[Saved entries]
BEGIN

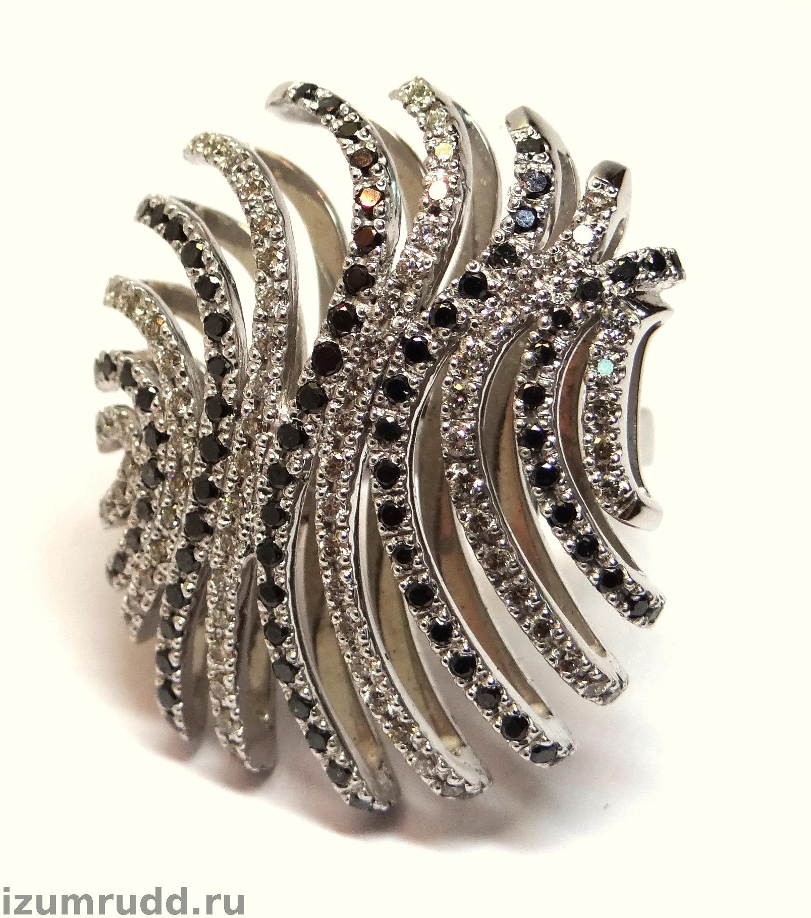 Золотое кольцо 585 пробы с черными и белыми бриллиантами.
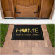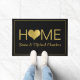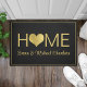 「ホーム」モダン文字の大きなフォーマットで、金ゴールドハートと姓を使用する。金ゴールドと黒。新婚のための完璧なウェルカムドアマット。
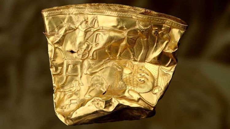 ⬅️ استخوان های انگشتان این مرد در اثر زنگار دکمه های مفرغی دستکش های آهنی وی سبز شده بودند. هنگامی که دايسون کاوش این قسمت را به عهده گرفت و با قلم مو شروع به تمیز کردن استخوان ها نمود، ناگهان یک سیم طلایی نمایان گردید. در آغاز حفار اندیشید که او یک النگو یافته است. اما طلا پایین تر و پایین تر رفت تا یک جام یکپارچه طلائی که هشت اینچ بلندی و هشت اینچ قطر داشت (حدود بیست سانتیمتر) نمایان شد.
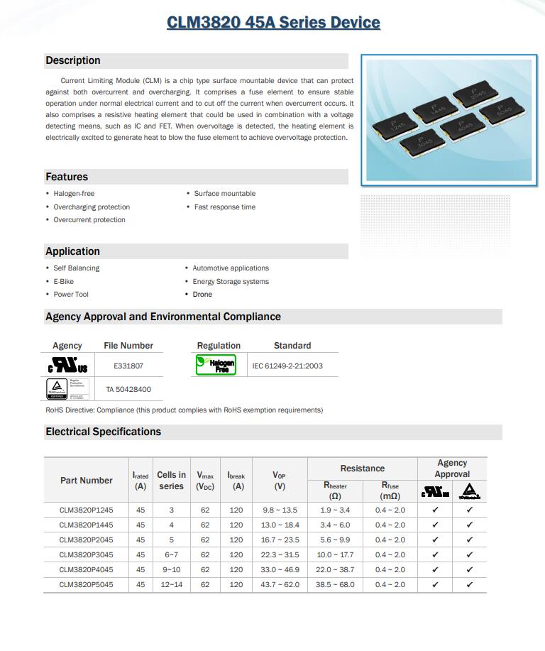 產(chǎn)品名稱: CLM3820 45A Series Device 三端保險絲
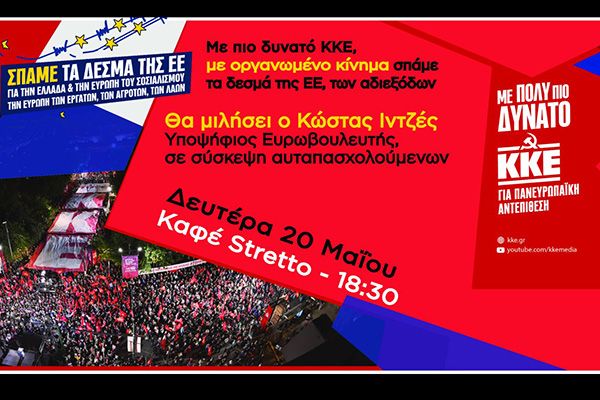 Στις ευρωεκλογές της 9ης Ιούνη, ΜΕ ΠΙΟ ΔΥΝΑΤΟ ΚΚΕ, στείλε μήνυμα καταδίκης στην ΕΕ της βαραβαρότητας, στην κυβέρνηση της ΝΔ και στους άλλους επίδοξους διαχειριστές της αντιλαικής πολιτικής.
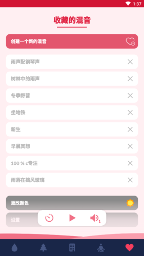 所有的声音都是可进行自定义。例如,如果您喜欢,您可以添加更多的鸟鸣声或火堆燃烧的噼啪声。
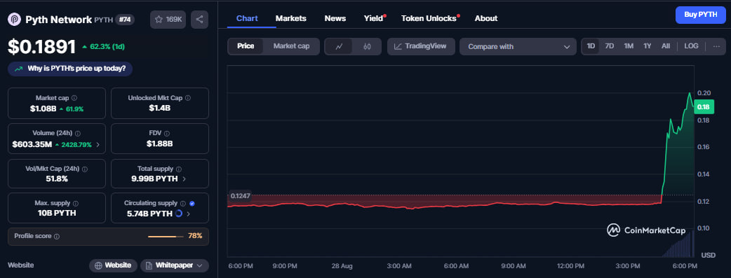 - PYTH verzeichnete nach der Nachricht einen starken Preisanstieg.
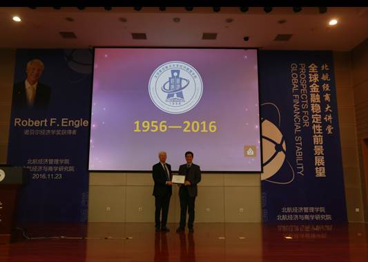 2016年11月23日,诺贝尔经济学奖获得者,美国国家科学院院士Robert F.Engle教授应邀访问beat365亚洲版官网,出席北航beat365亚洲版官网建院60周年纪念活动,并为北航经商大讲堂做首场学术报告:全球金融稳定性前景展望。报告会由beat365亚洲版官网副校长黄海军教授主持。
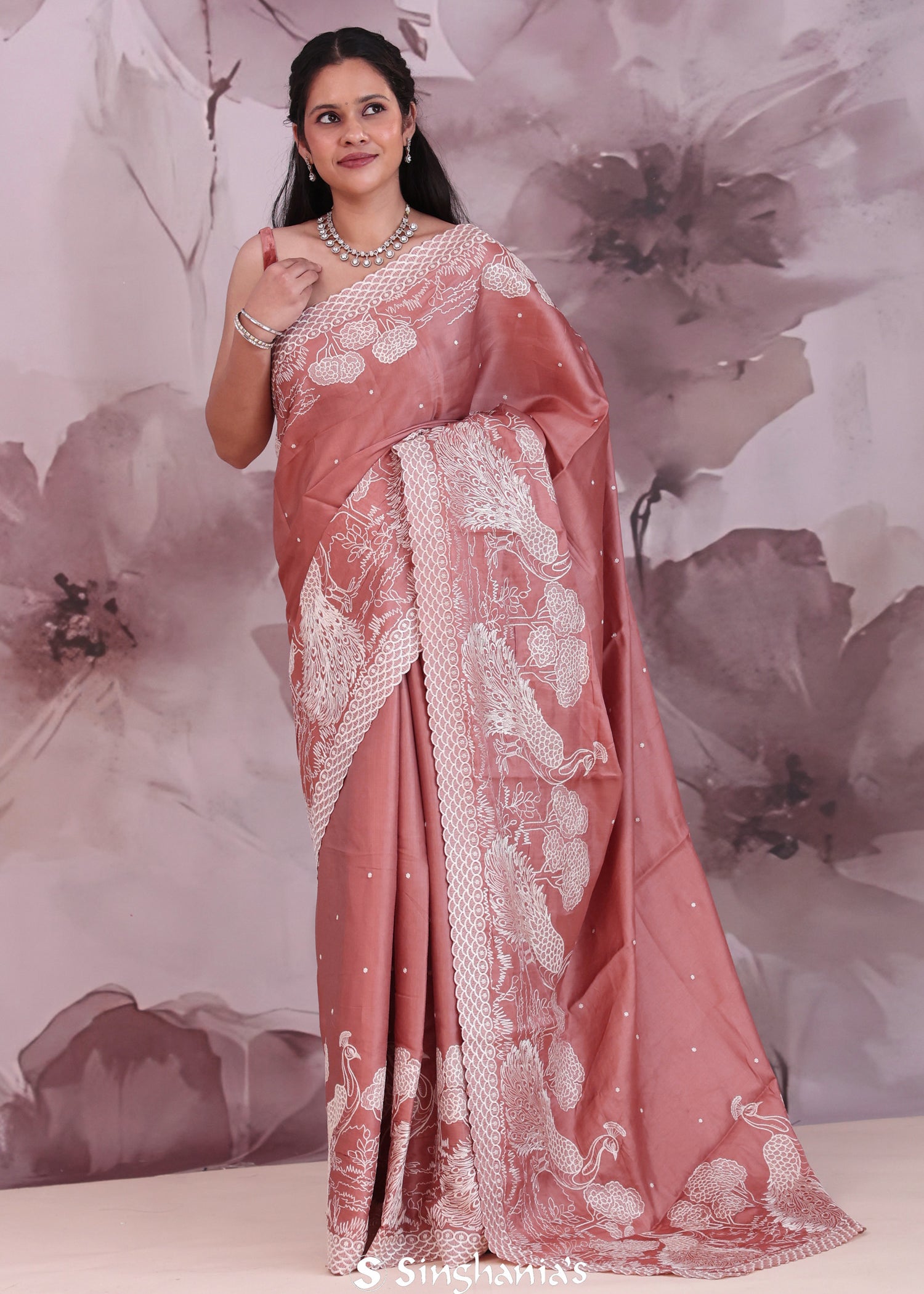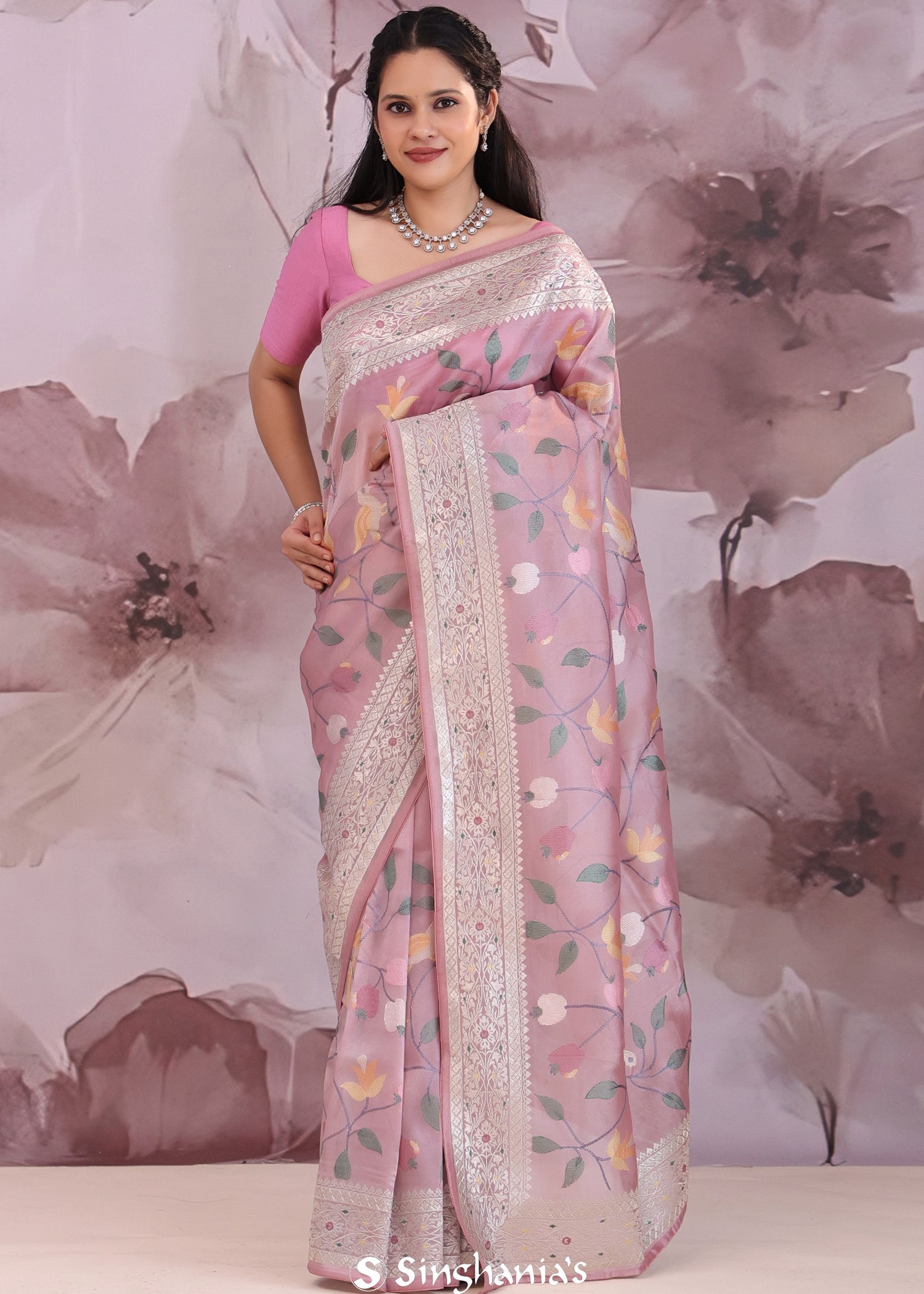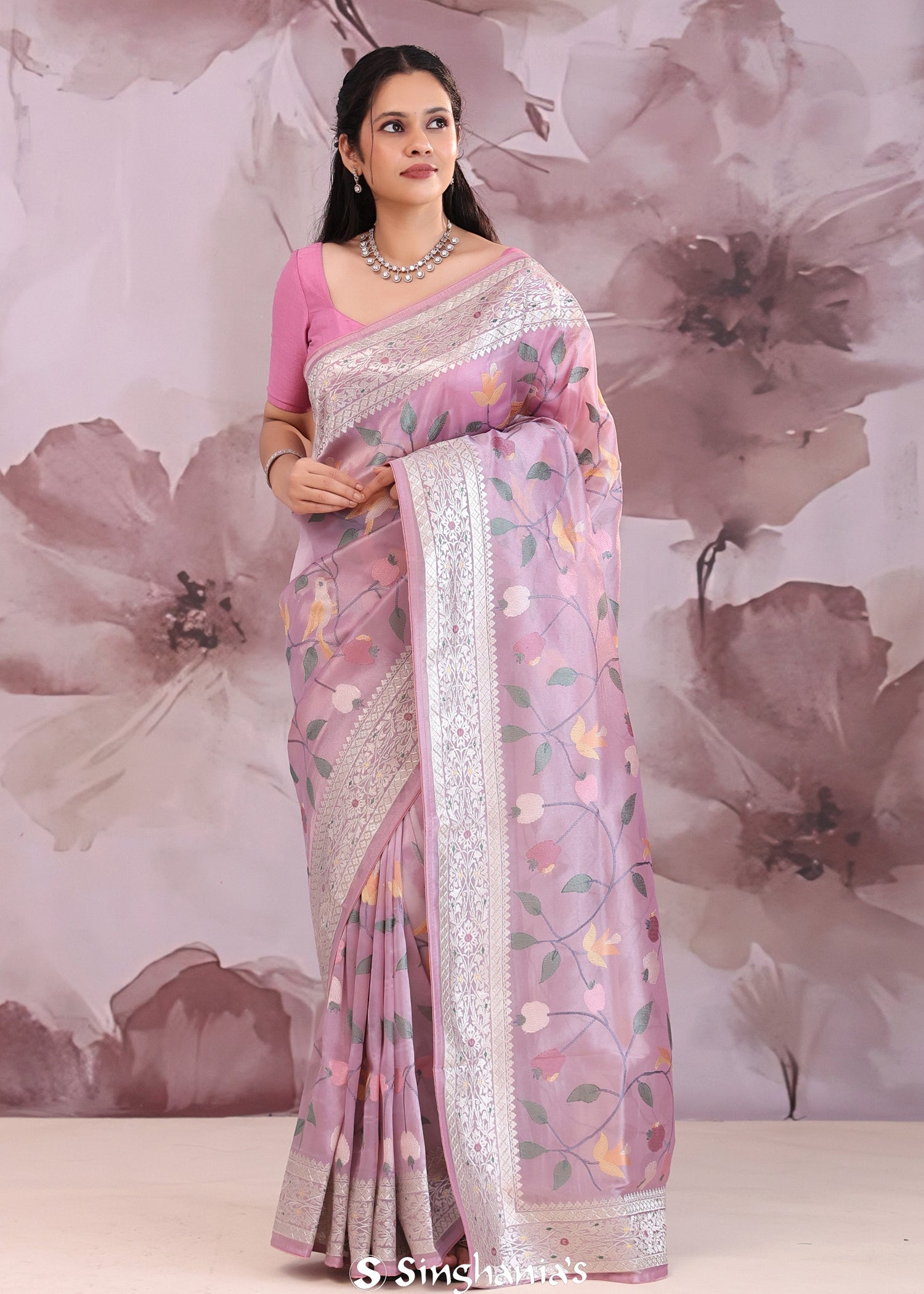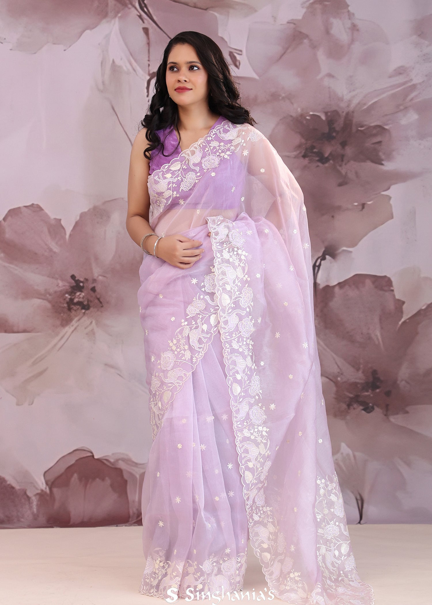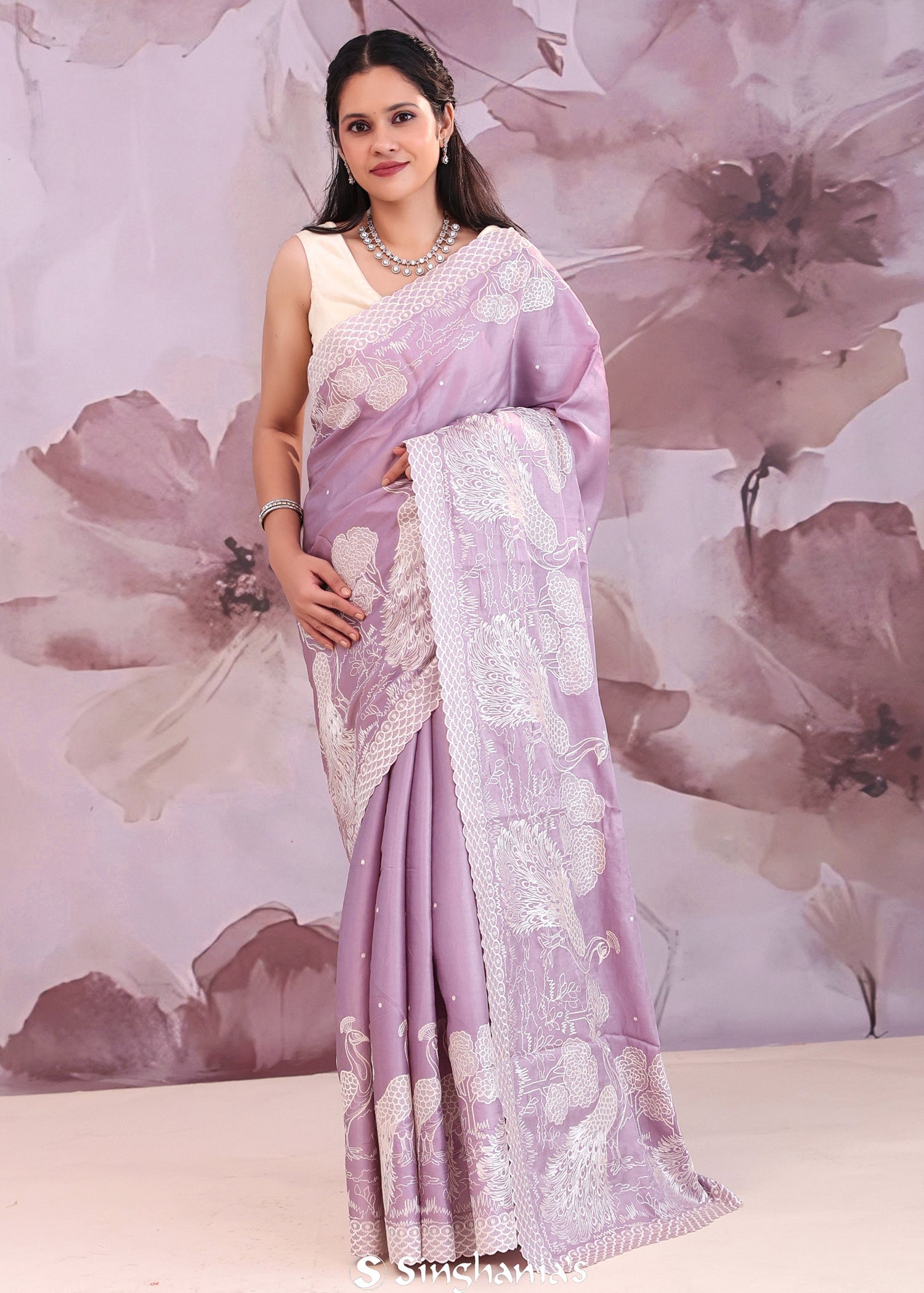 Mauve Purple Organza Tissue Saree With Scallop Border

END

[ASSIGNED TASK]:
Print every entry exactly as written, without the pictures.

[REPLY TO THE EXERCISE]:
 Золотое кольцо 585 пробы с черными и белыми бриллиантами.
 「ホーム」モダン文字の大きなフォーマットで、金ゴールドハートと姓を使用する。金ゴールドと黒。新婚のための完璧なウェルカムドアマット。
 ⬅️ استخوان های انگشتان این مرد در اثر زنگار دکمه های مفرغی دستکش های آهنی وی سبز شده بودند. هنگامی که دايسون کاوش این قسمت را به عهده گرفت و با قلم مو شروع به تمیز کردن استخوان ها نمود، ناگهان یک سیم طلایی نمایان گردید. در آغاز حفار اندیشید که او یک النگو یافته است. اما طلا پایین تر و پایین تر رفت تا یک جام یکپارچه طلائی که هشت اینچ بلندی و هشت اینچ قطر داشت (حدود بیست سانتیمتر) نمایان شد.
 產(chǎn)品名稱: CLM3820 45A Series Device 三端保險絲
 Στις ευρωεκλογές της 9ης Ιούνη, ΜΕ ΠΙΟ ΔΥΝΑΤΟ ΚΚΕ, στείλε μήνυμα καταδίκης στην ΕΕ της βαραβαρότητας, στην κυβέρνηση της ΝΔ και στους άλλους επίδοξους διαχειριστές της αντιλαικής πολιτικής.
 所有的声音都是可进行自定义。例如,如果您喜欢,您可以添加更多的鸟鸣声或火堆燃烧的噼啪声。
 - PYTH verzeichnete nach der Nachricht einen starken Preisanstieg.
 2016年11月23日,诺贝尔经济学奖获得者,美国国家科学院院士Robert F.Engle教授应邀访问beat365亚洲版官网,出席北航beat365亚洲版官网建院60周年纪念活动,并为北航经商大讲堂做首场学术报告:全球金融稳定性前景展望。报告会由beat365亚洲版官网副校长黄海军教授主持。
 Mauve Purple Organza Tissue Saree With Scallop Border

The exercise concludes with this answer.